HOW TO COMPLETE THIS TASK: When you retype the records that follow, keep each word as it is and drop any pictures.

Dataset excerpts:

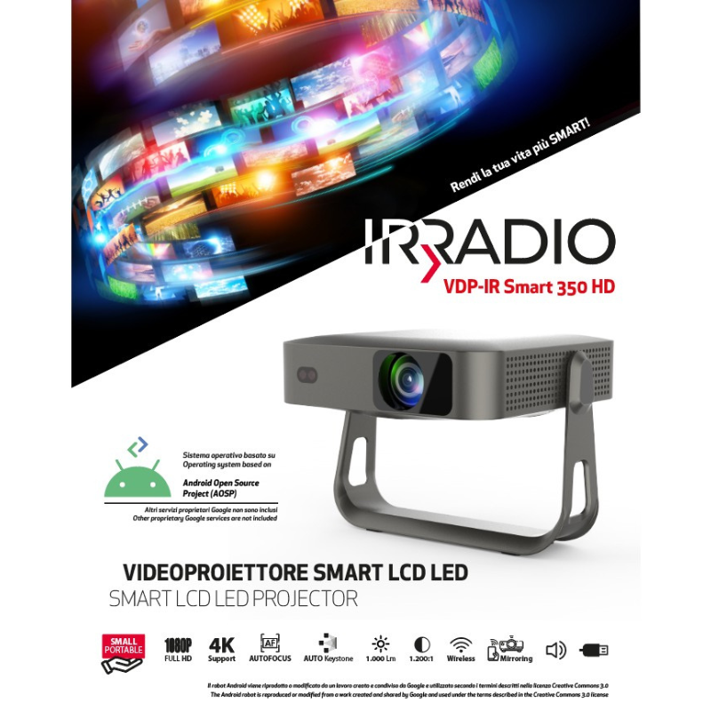 Proyector portatil 4 K alta definición c/Android 12 (AOSP)- IR-SMART 350HD
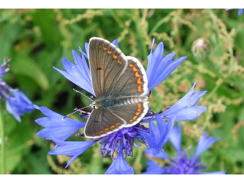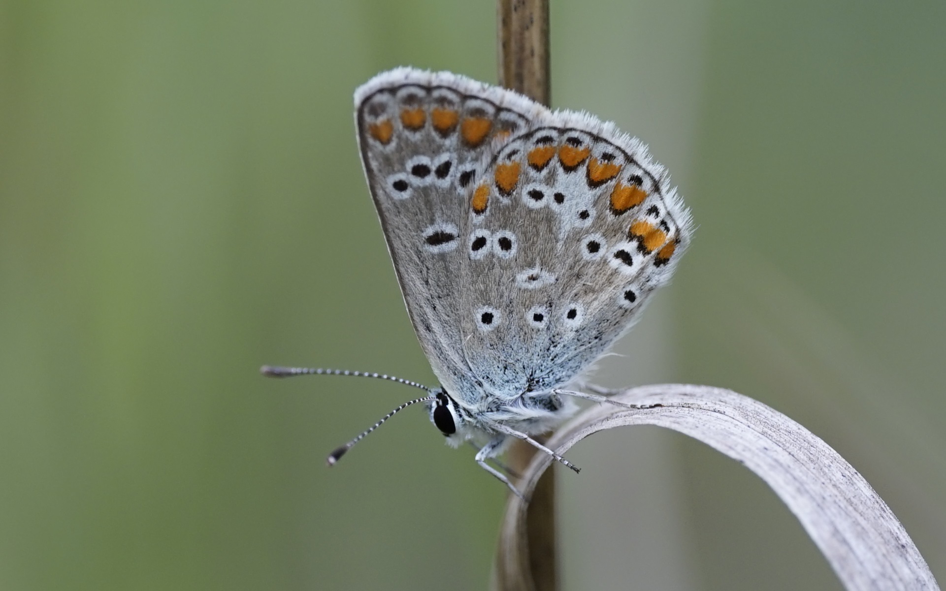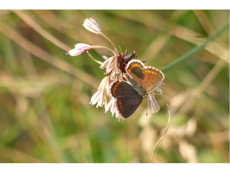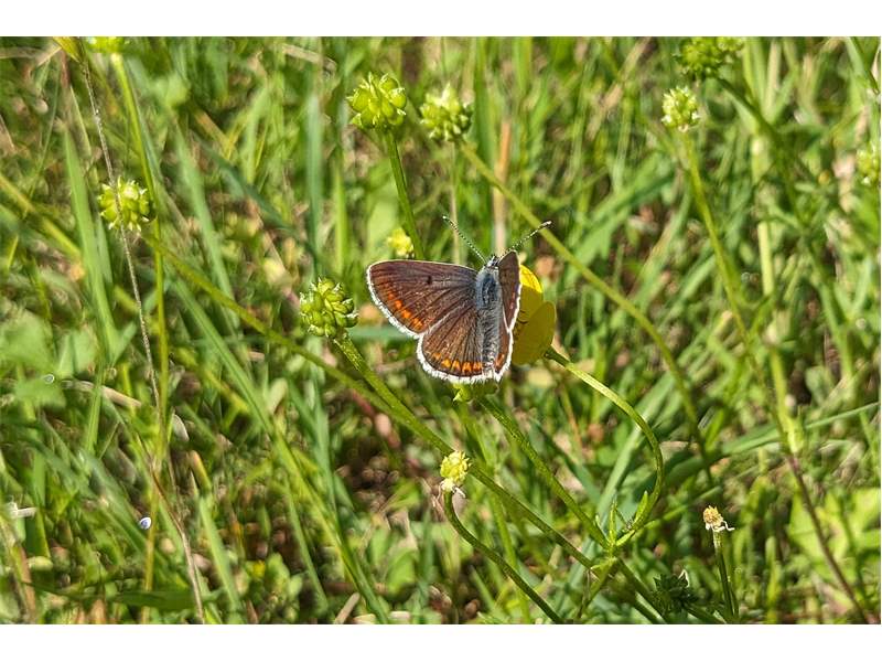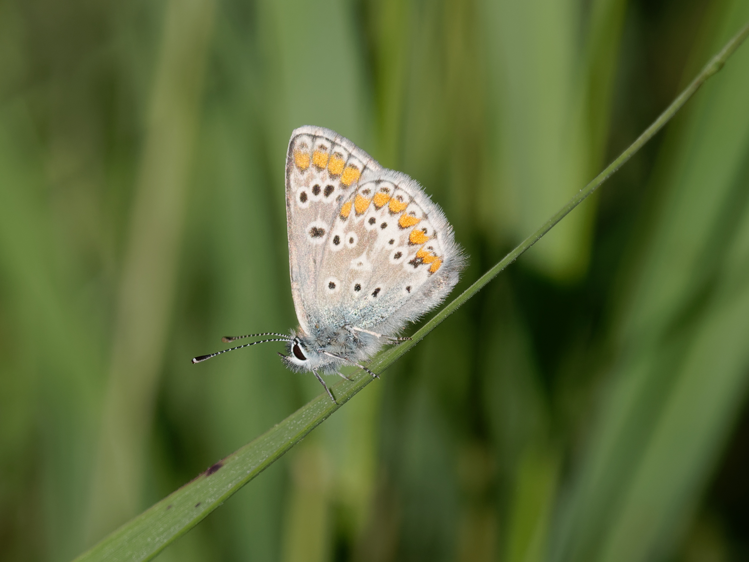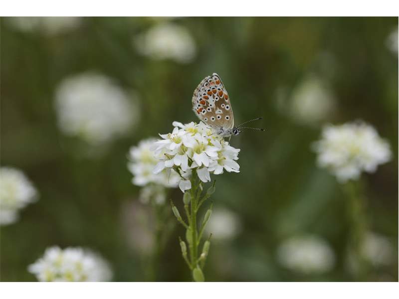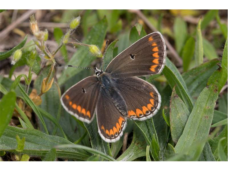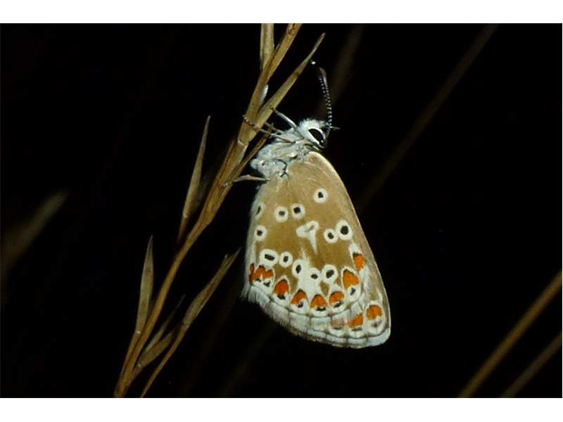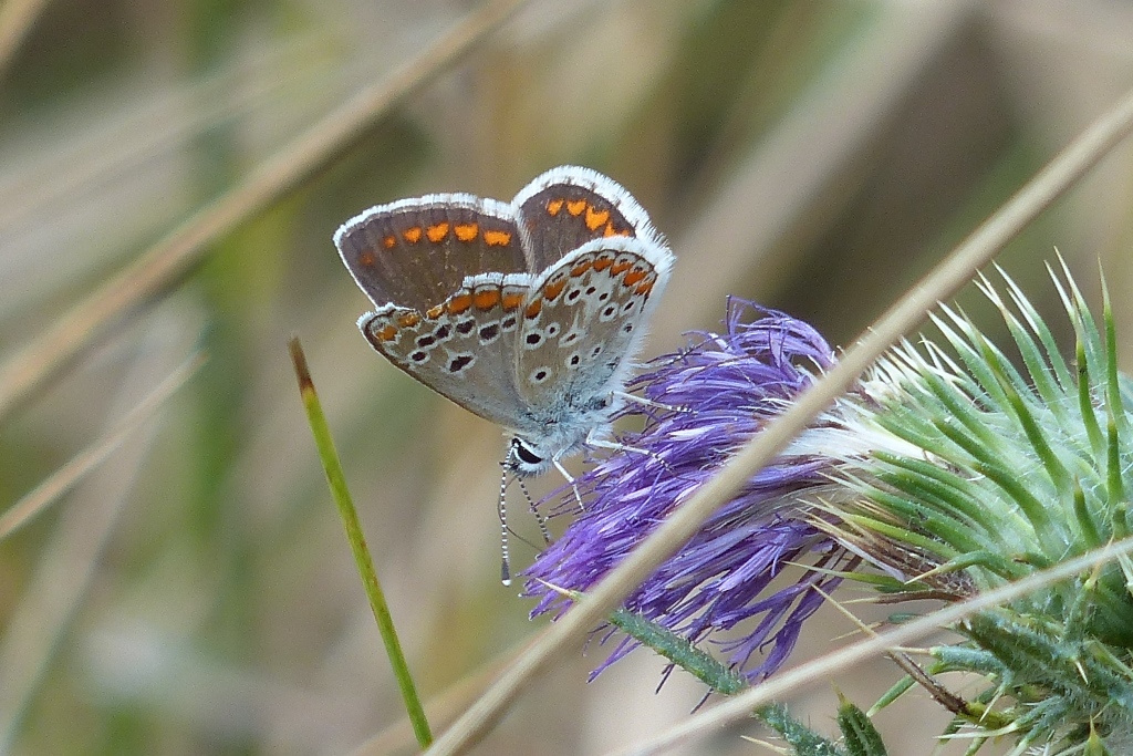 Kleiner Sonnenröschenbläuling (Aricia agestis (Denis & Schiffermüller, 1775)),Freital/Wurgwitz,Hammerteich,Wegrand auf Klee,Sep.2019
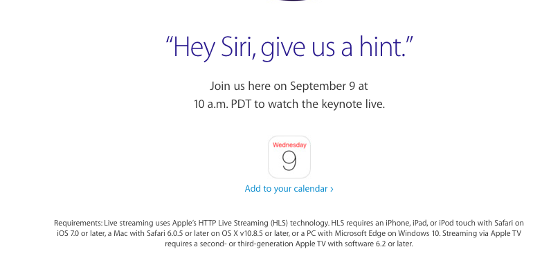 網路直播的部分,如果家裡有 Apple TV 的朋友相信已經可以看到 “Apple Events” 的頻道出現其中,使用 Apple 裝置的朋友則同樣能夠透過 safari 來從 Apple 網站 (http://www.apple.com/apple-events/september-2015/) 觀賞。比較特別的是這次直播頻道將不再僅限於 iOS 與 OS 的使用者,加入了 Windows 10 Edge 的版本用戶!
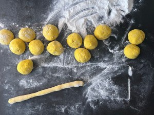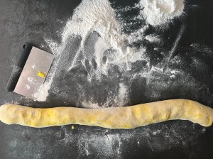 När degen vilat tar jag upp den på mjölad bänk, jag använder rismjöl när jag bakar ut mina. Pudrar degen med rismjöl och bollar den så att den inte kladdar. Kladdigt med glutenfritt så pressa inte händerna genom degen. Rullar den till en lång korv och delar i 14st bitar. Bitarna kontrollväger jag så att alla väger ca 60g.
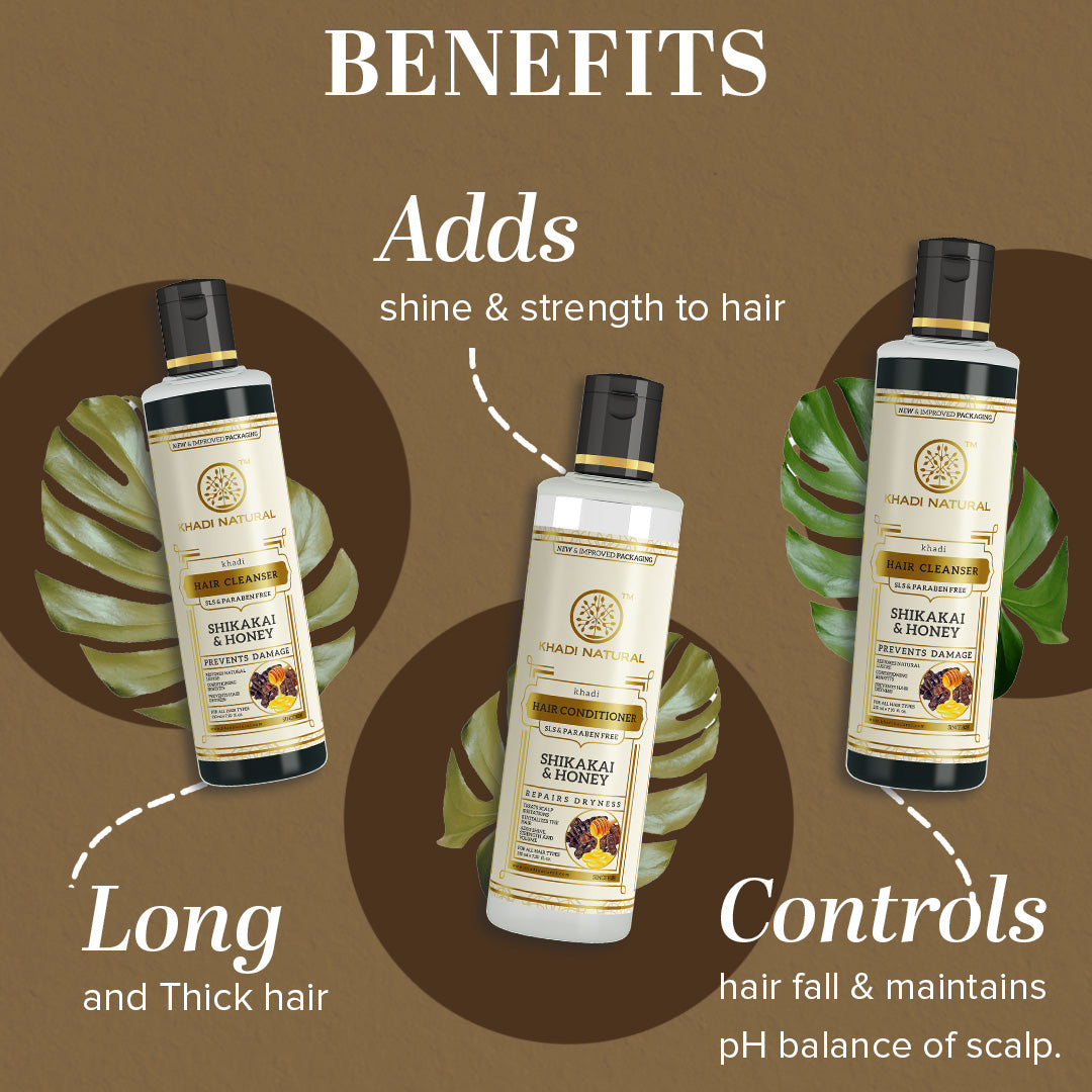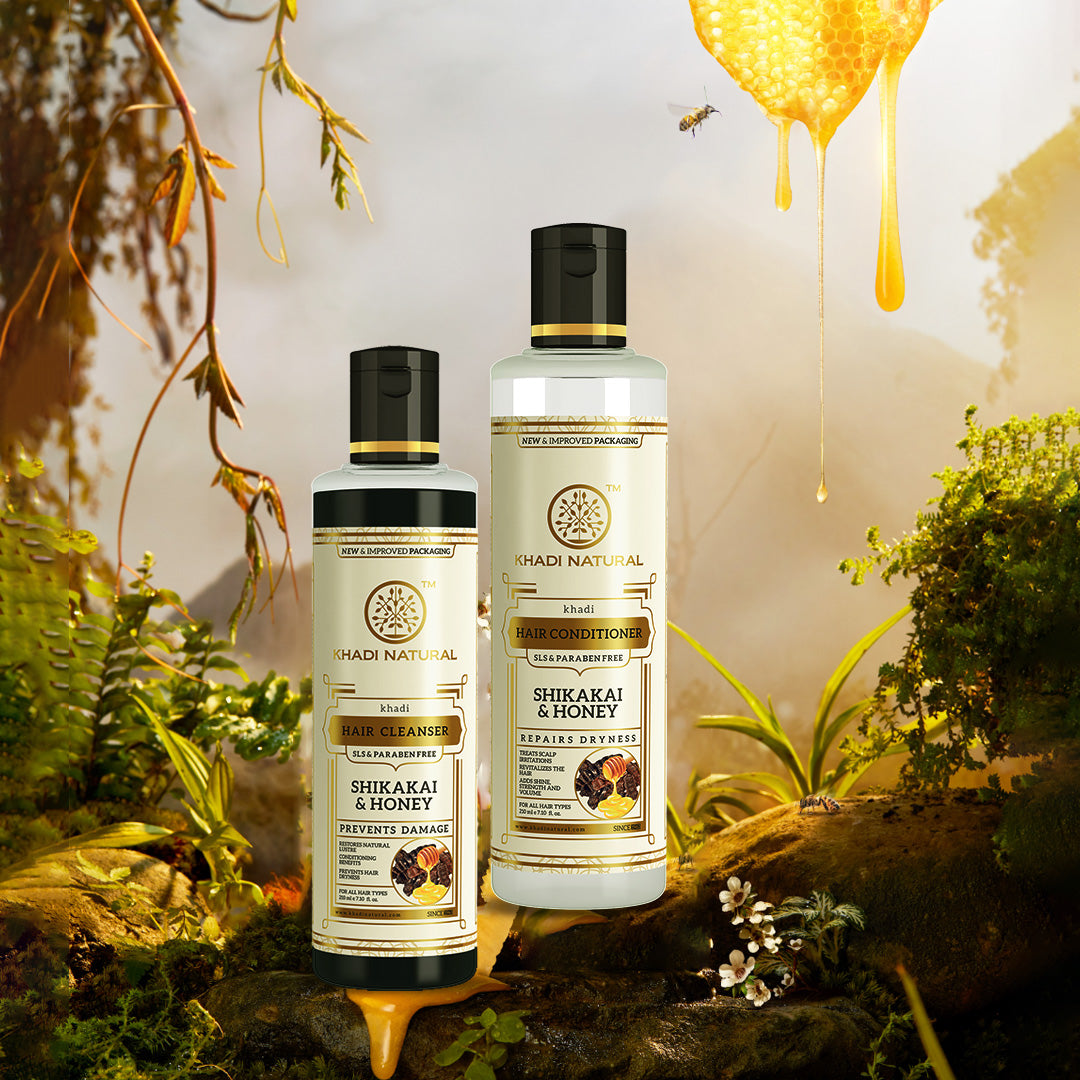 Khadi Natural Shikakai & Honey Cleanser & Conditioner SLS & Paraben Free Combo - 210ml Each Sale
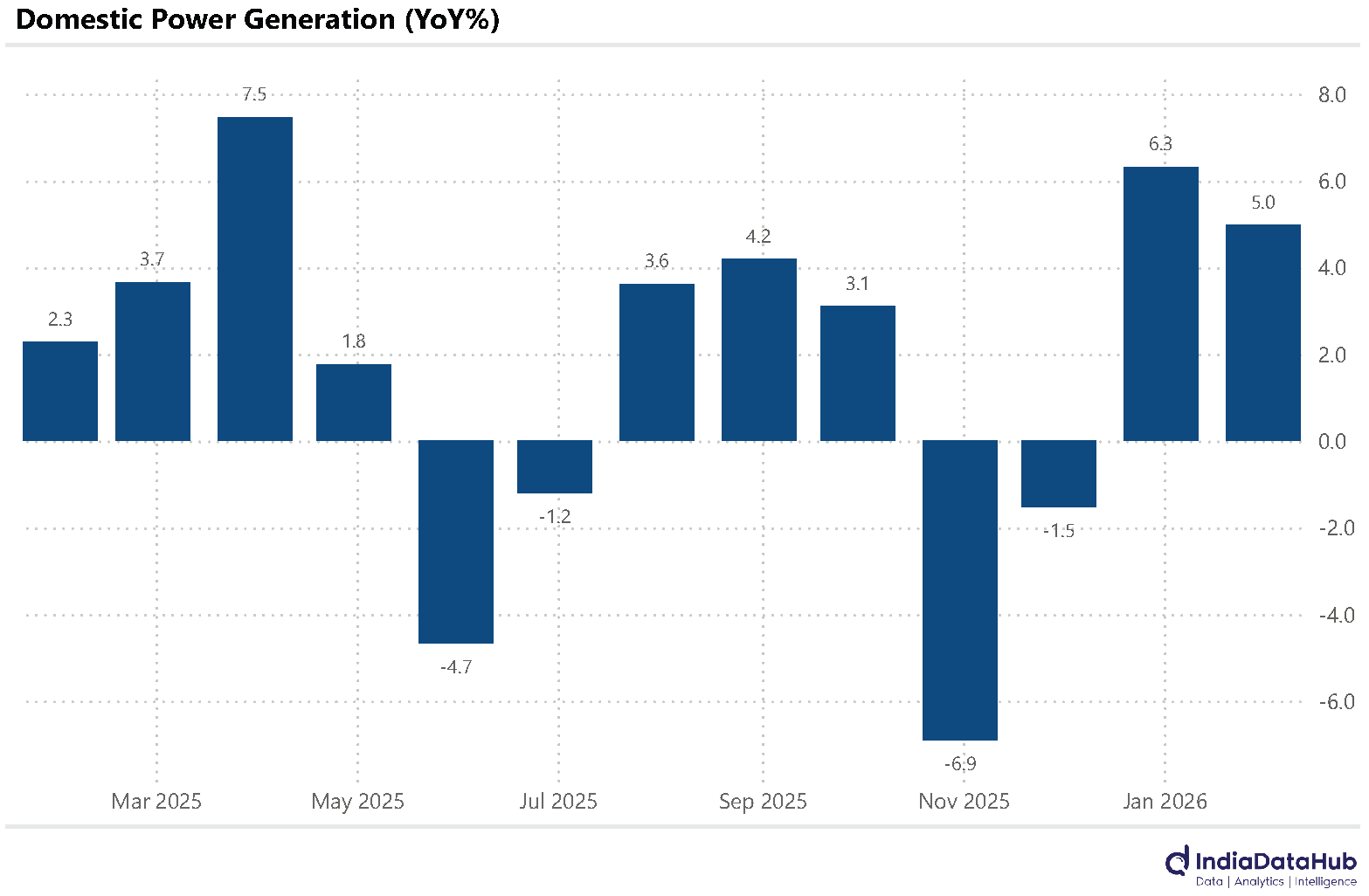Power generation grew 5% YoY in January as per provisional data. This is broadly the same growth as in December and was at the upper end of the range of the past few quarters. Renewables continue to drive this growth, with power generation from renewable sources growing over 20% in January. In contrast, power generation from conventional sources grew by a modest 2%.
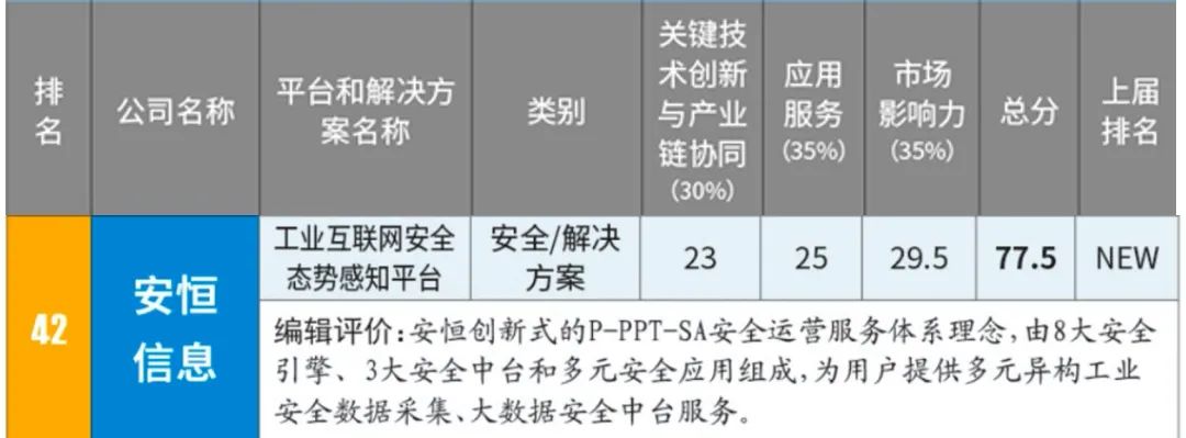 在第四屆通信產(chǎn)業(yè)榜“2021年工業(yè)互聯(lián)網(wǎng)50佳”評審中,安恒信息首次申請即成功入榜。這也是評測專家對安恒信息在工業(yè)互聯(lián)網(wǎng)安全方面付出的認可。
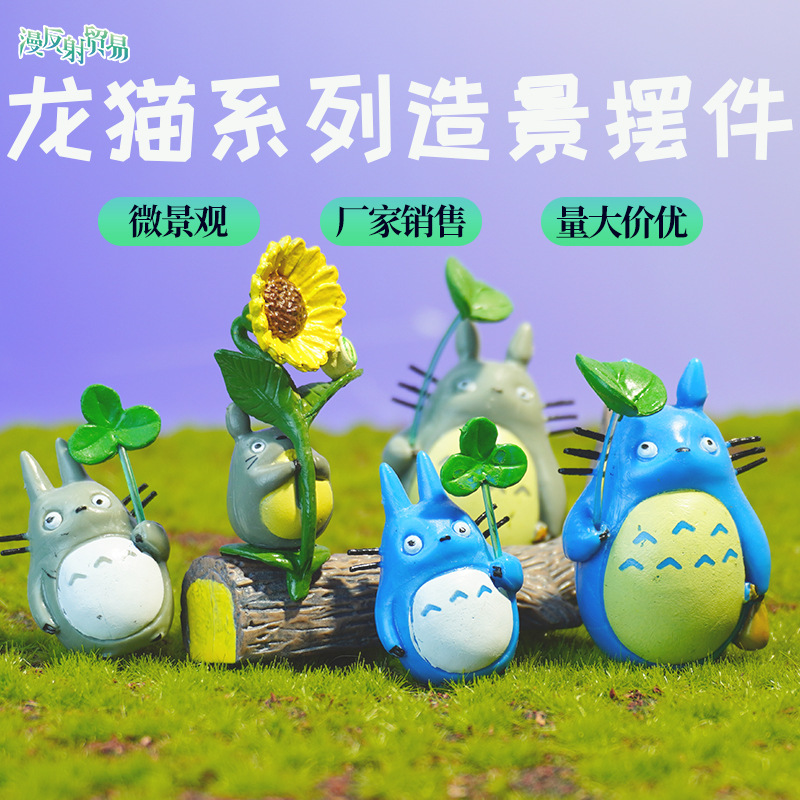 宮崎駿のクローバーは葉の大きさの竜猫のネットの赤い金魚鉢の小さい置物の車内の装飾品の公仔を挙げて卸売りします。
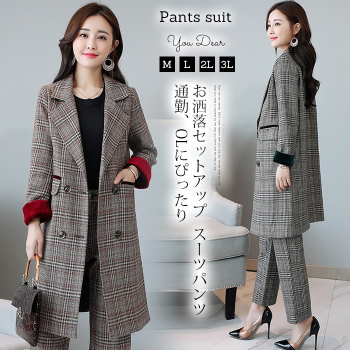 ■バランスの良いジャケットとパンツの組み合わせがレディーススーツならではの美しいラインを出してくれる♪■単品で着用いただいてもOK!ビジネスや冠婚葬祭でも大活躍する事もまちがいなし♪■使用シーン等:結婚式 パーティー 結婚パーティー 二次会 披露宴 お呼ばれ 普段使い 通学 通勤 OL ビジネス 入園式 入学式 ママ 卒園式 お食事会 成人式 卒業式 謝恩会 同窓会 演奏会 発表会 女子会 参観日 七五三 お宮参り★素材:ボリエステル★カラー:グレー、キャメル※お客様ご使用のPC環境により商品画像のカラーが多少異なる場合があります。仕入時期により多少デザインなど異なる場合があります。ご了承ください。★サイズ(CM):M:バスト90 肩幅36 袖丈56 着丈89 パンツ丈90L:バスト94 肩幅37 袖丈57 着丈90 パンツ丈91XL:バスト98 肩幅38 袖丈58 着丈91 パンツ丈92※サイズは人の手によって測っているため、1-3cmの誤差がある場合がございます。予めご了承下さいませ。

RESPONSE TO THIS EXERCISE:
 Proyector portatil 4 K alta definición c/Android 12 (AOSP)- IR-SMART 350HD
 Kleiner Sonnenröschenbläuling (Aricia agestis (Denis & Schiffermüller, 1775)),Freital/Wurgwitz,Hammerteich,Wegrand auf Klee,Sep.2019
 網路直播的部分,如果家裡有 Apple TV 的朋友相信已經可以看到 “Apple Events” 的頻道出現其中,使用 Apple 裝置的朋友則同樣能夠透過 safari 來從 Apple 網站 (http://www.apple.com/apple-events/september-2015/) 觀賞。比較特別的是這次直播頻道將不再僅限於 iOS 與 OS 的使用者,加入了 Windows 10 Edge 的版本用戶!
 När degen vilat tar jag upp den på mjölad bänk, jag använder rismjöl när jag bakar ut mina. Pudrar degen med rismjöl och bollar den så att den inte kladdar. Kladdigt med glutenfritt så pressa inte händerna genom degen. Rullar den till en lång korv och delar i 14st bitar. Bitarna kontrollväger jag så att alla väger ca 60g.
 Khadi Natural Shikakai & Honey Cleanser & Conditioner SLS & Paraben Free Combo - 210ml Each Sale
Power generation grew 5% YoY in January as per provisional data. This is broadly the same growth as in December and was at the upper end of the range of the past few quarters. Renewables continue to drive this growth, with power generation from renewable sources growing over 20% in January. In contrast, power generation from conventional sources grew by a modest 2%.
 在第四屆通信產(chǎn)業(yè)榜“2021年工業(yè)互聯(lián)網(wǎng)50佳”評審中,安恒信息首次申請即成功入榜。這也是評測專家對安恒信息在工業(yè)互聯(lián)網(wǎng)安全方面付出的認可。
 宮崎駿のクローバーは葉の大きさの竜猫のネットの赤い金魚鉢の小さい置物の車内の装飾品の公仔を挙げて卸売りします。
 ■バランスの良いジャケットとパンツの組み合わせがレディーススーツならではの美しいラインを出してくれる♪■単品で着用いただいてもOK!ビジネスや冠婚葬祭でも大活躍する事もまちがいなし♪■使用シーン等:結婚式 パーティー 結婚パーティー 二次会 披露宴 お呼ばれ 普段使い 通学 通勤 OL ビジネス 入園式 入学式 ママ 卒園式 お食事会 成人式 卒業式 謝恩会 同窓会 演奏会 発表会 女子会 参観日 七五三 お宮参り★素材:ボリエステル★カラー:グレー、キャメル※お客様ご使用のPC環境により商品画像のカラーが多少異なる場合があります。仕入時期により多少デザインなど異なる場合があります。ご了承ください。★サイズ(CM):M:バスト90 肩幅36 袖丈56 着丈89 パンツ丈90L:バスト94 肩幅37 袖丈57 着丈90 パンツ丈91XL:バスト98 肩幅38 袖丈58 着丈91 パンツ丈92※サイズは人の手によって測っているため、1-3cmの誤差がある場合がございます。予めご了承下さいませ。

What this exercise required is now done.